A symbolic ceremony to "awaken the giant" took place in Glenshee on 6 November to coincide with the designated day of mass mobilisation for COP26.

The ceremony was the official opening of The Awakening, a 9,000 square metre installation of a giant hand sited on the Coire Lairige at the Spittal of Glenshee, inspired by the Glen’s many Finn mac Cumhaill stories, and commissioned by the Cateran Ecomuseum, one of only two "museums without walls" in Scotland.

A Pictish war horn, the Carnyx, was sounded in the glen three times by musical archaeologist and wind instrumentalist, John Kenny, to awaken the giant. The event was inspired by old Scottish giant lore which tells us that Finn is asleep under the mountains with his warriors ready to be awoken at a time of great portent by this signal so that he can come to our aid.

The Cateran Ecomuseum’s poet in residence, Jim Mackintosh, read a new poem for The Awakening, and storyteller Lindsey Gibb told a re-imagined tale about the piece – both of which were performed in public for the first time at The Awakening ceremony.

Pupils from Kirkmichael Primary School gifted representatives from the area with hazel trees, symbols of wisdom and inspiration in Celtic mythology.
 

The Awakening Ceremony

Pictured at the opening ceremony are, from left, musical archaeologist John Kenny, storyteller Lindsey Gibb, Kevin Stirling, John Swinney MSP, poet Jim Mackintosh, Bob Ellis from Visit Cateran Country, Clare Cooper from the Cateran Ecomuseum, David Woodcock from Kirkmichael with artists Martin McGuinness and Fraser Gray

Co-designed by talented Tayside-based artist, Martin McGuinness, whose acclaimed portrait of Hamish Henderson formed part of the launch of the innovative Cateran Ecomuseum in 2019, and long-term collaborator Fraser Gray, The Awakening will be in place until around mid-December, coinciding with the UN Climate Change Conference COP26 which took place in Glasgow.
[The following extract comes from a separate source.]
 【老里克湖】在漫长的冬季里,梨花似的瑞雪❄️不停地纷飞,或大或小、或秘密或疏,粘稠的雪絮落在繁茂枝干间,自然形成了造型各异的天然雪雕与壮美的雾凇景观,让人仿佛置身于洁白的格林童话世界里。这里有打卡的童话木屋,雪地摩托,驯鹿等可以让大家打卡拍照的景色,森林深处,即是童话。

Made out of 2,500 metres of jute and geotextile and pinned to the earth it has taken nearly 500 hours to install. And at 180 metres by 50 metres, and 2,000 metres above sea level, it's thought to be highest art installation ever placed in the UK landscape.

Tapping back into this very ancient story of how we can awaken the giant at a time of emergency was a very poignant moment given what is at stake for all life on our planet because of the climate emergency.
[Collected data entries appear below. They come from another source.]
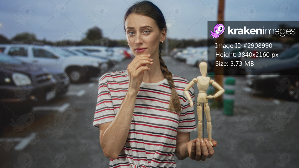 Woman holding a wooden mannequin in a parking lot with hand to mouth gesture, pensive expression; worry doubt.
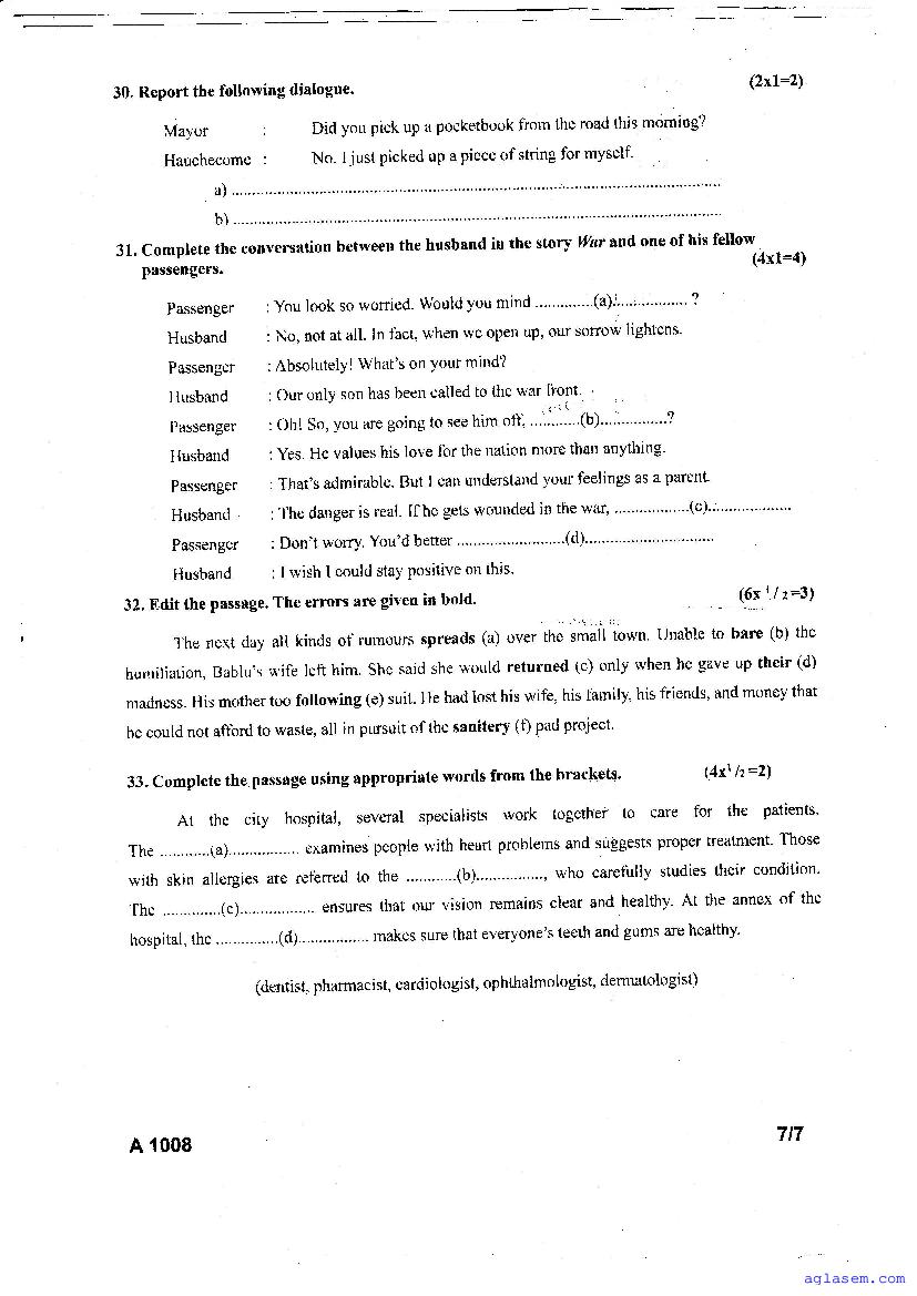 | Paper Here | Kerala Class 10 Second Terminal Exam English Question Paper |
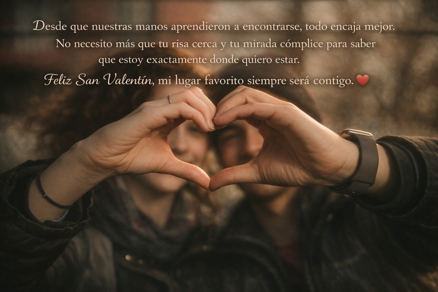 “Quiero crear una postal de San Valentín para mi pareja. En la foto estamos sentados en un banco, riendo después de una cena. Escríbeme un texto de entre 60 y 80 palabras, emotivo pero natural, que transmita complicidad y gratitud. Evita frases demasiado cursis.”
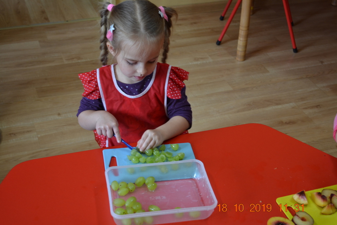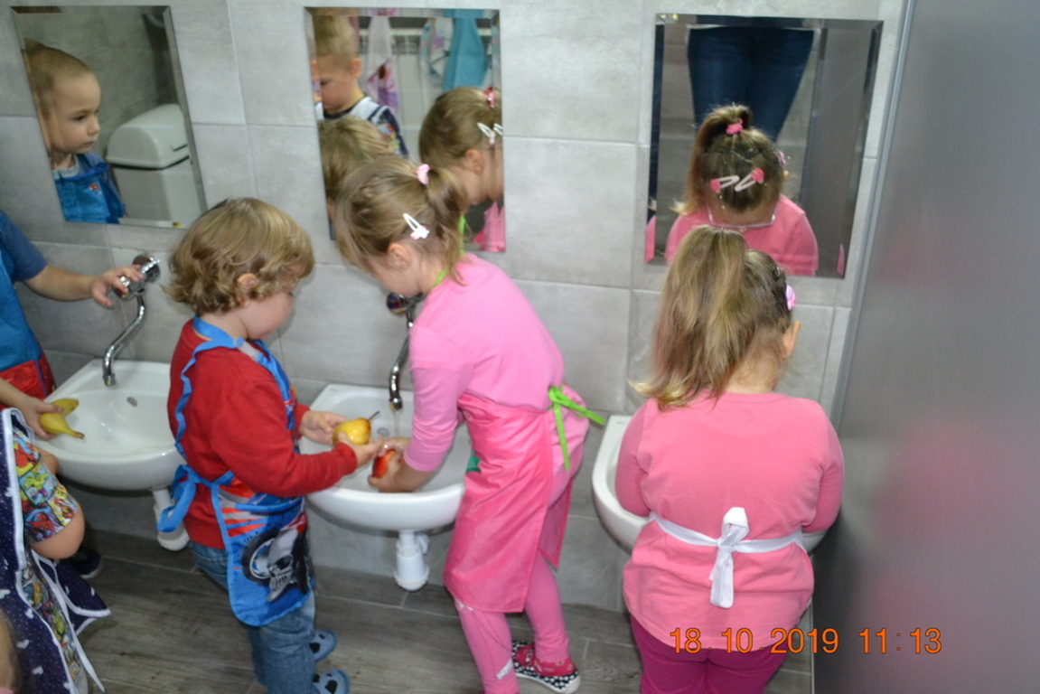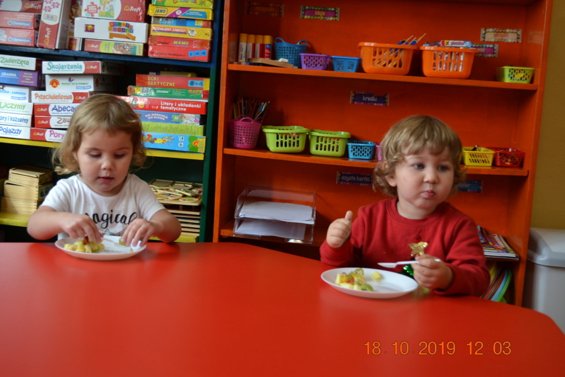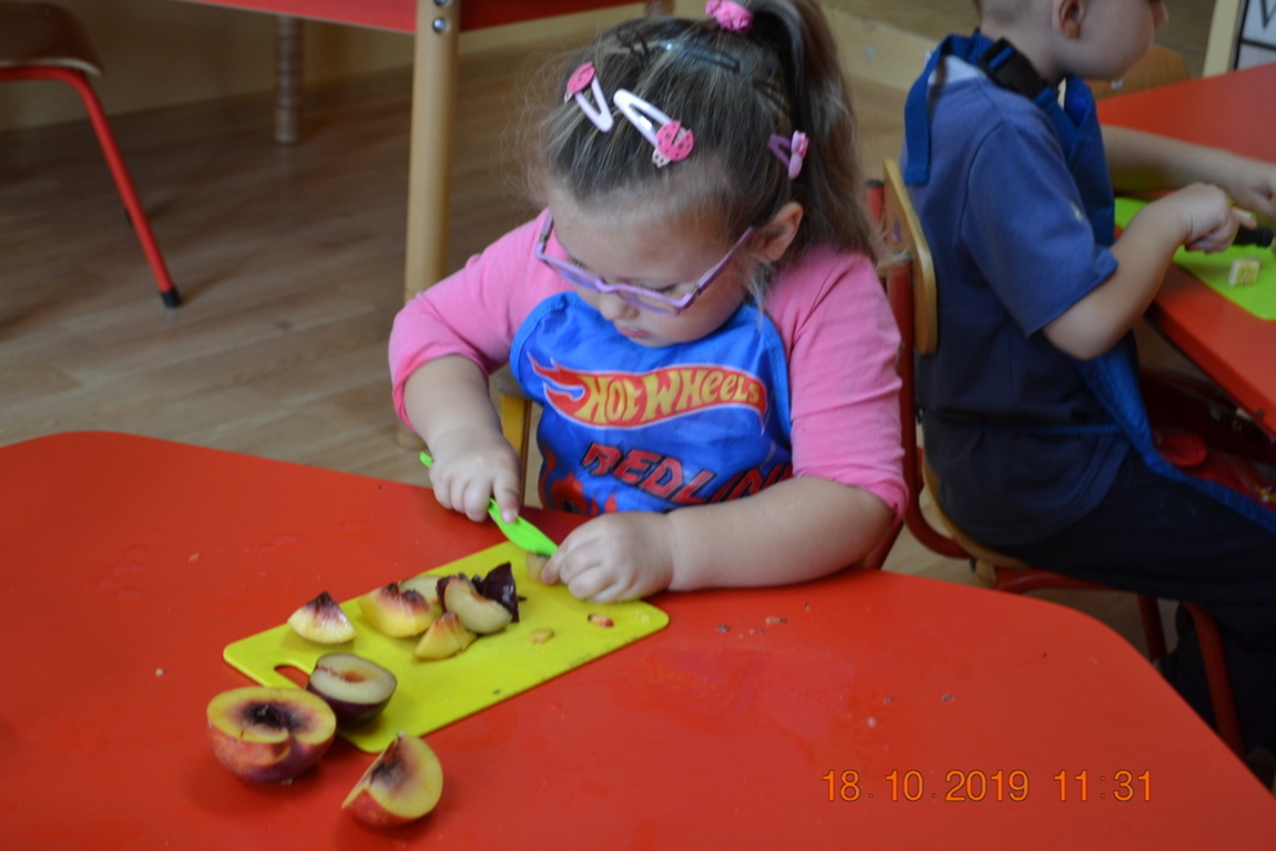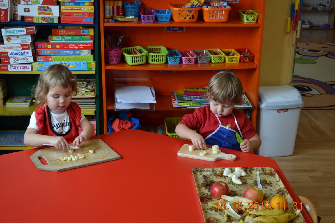 W piątek 18 października w oddziale przedszkolnym we Wrotkowie było przesmacznie, a przede wszystkim zdrowo! Przedszkolaki na zajęciach własnoręcznie przygotowały pyszną, witaminową sałatkę. Dzieci przyniosły z domów różne, świeże owoce. Były jabłka, gruszki, banany, śliwki, nektarynki, kiwi, pomarańcze, mandarynki, winogrona. Po przebraniu się w fartuszki oraz wyszorowaniu rączek, dzieci przystąpiły do pracy. Wszystkie owoce zostały porządnie umyte i obrane ze skórek. Dzieci samodzielnie kroiły wszystkie owoce przestrzegając zasad bezpieczeństwa przy posługiwaniu się nożem. Przygotowanie sałatki dało dzieciom wiele satysfakcji i radości. Sałatka udała się, była pyszna!

And the climate crisis affecting us all was brought into sharp relief when the opening ceremony had to be rescheduled due to an extreme weather event that closed several roads in the area, including the A93 following flood damage to the historic bridge at Bridge of Cally.
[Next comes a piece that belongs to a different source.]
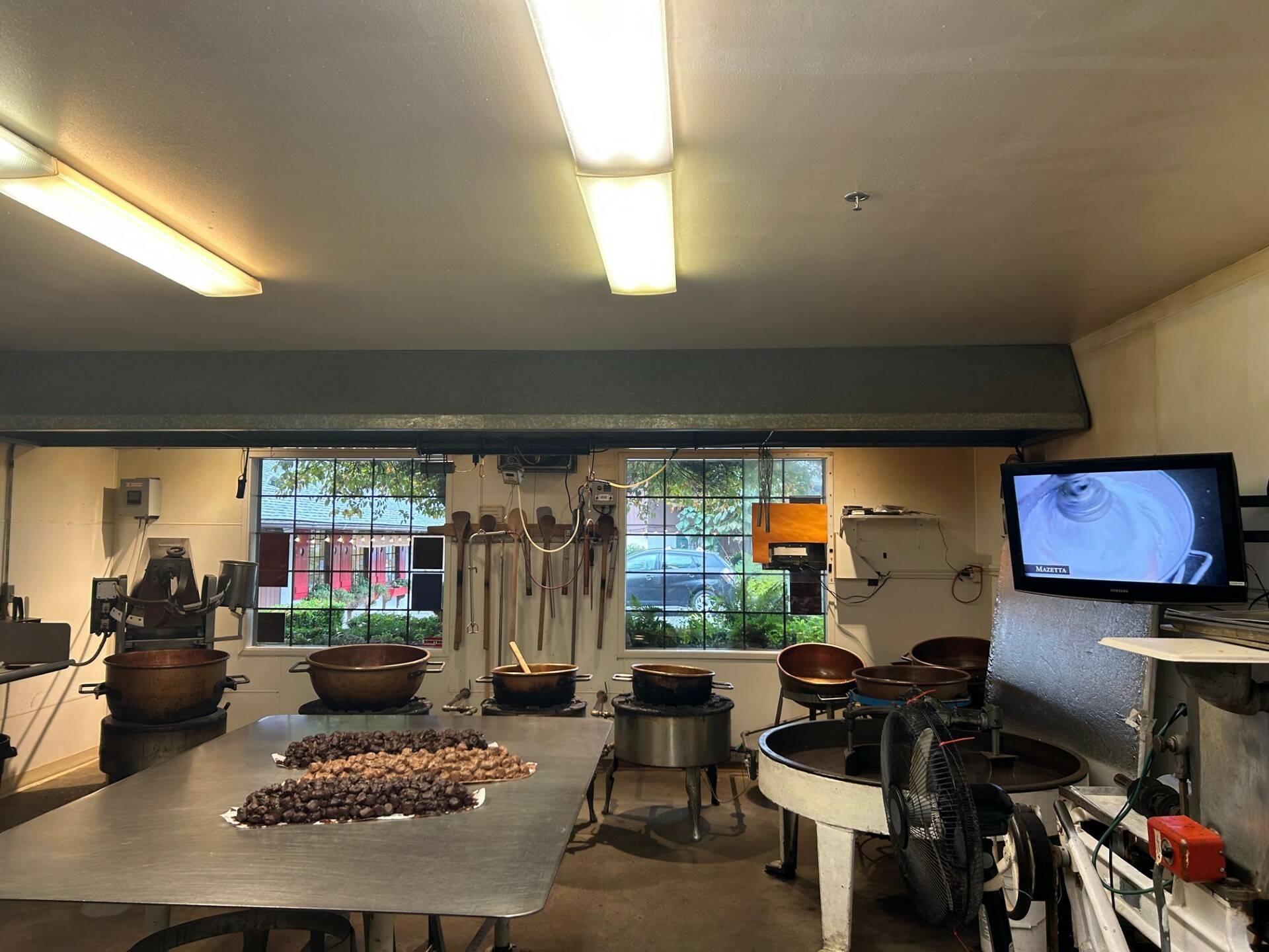 In another room, a row of copper kettles lines the wall, and a large stainless-steel table fills the room, where two long and bumpy mounds are cooling — Boehm’s classic rocky road.

This installation and the story and poem commissioned for it aims to raise awareness of the immense danger we are in and the "giant" levels of energy needed from each and every one of us if we are to regenerate our planet home and we are pleased that the rescheduled date meant that we could be part of a global day of action and mass mobilisation for COP26.

The Awakening is one of a number of initiatives that are taking place this year as part of our Museum of Rapid Transition programme, "From Deep Time to Our Time".

We want to highlight how the story of our past can help guide the story of our future through a focus on the Ecomuseum’s landscapes and their constantly changing geological, climate and human story.

Engaging people with their heritage has huge potential to help people build more regenerative and resilient lifestyles and mobilise climate action.

COP26 is a huge opportunity to raise awareness of that and we hope that people are listening and wake up to the fact that action has to be taken now.

Clare Cooper, Co-director and Co-founder of the Cateran Ecomuseum

The installation is also part of a new social media marketing campaign aimed at encouraging more local visitors to the Blairgowrie and east Perthshire area this autumn and beyond, which is being developed by the area’s destination marketing organisation, with funding from VisitScotland.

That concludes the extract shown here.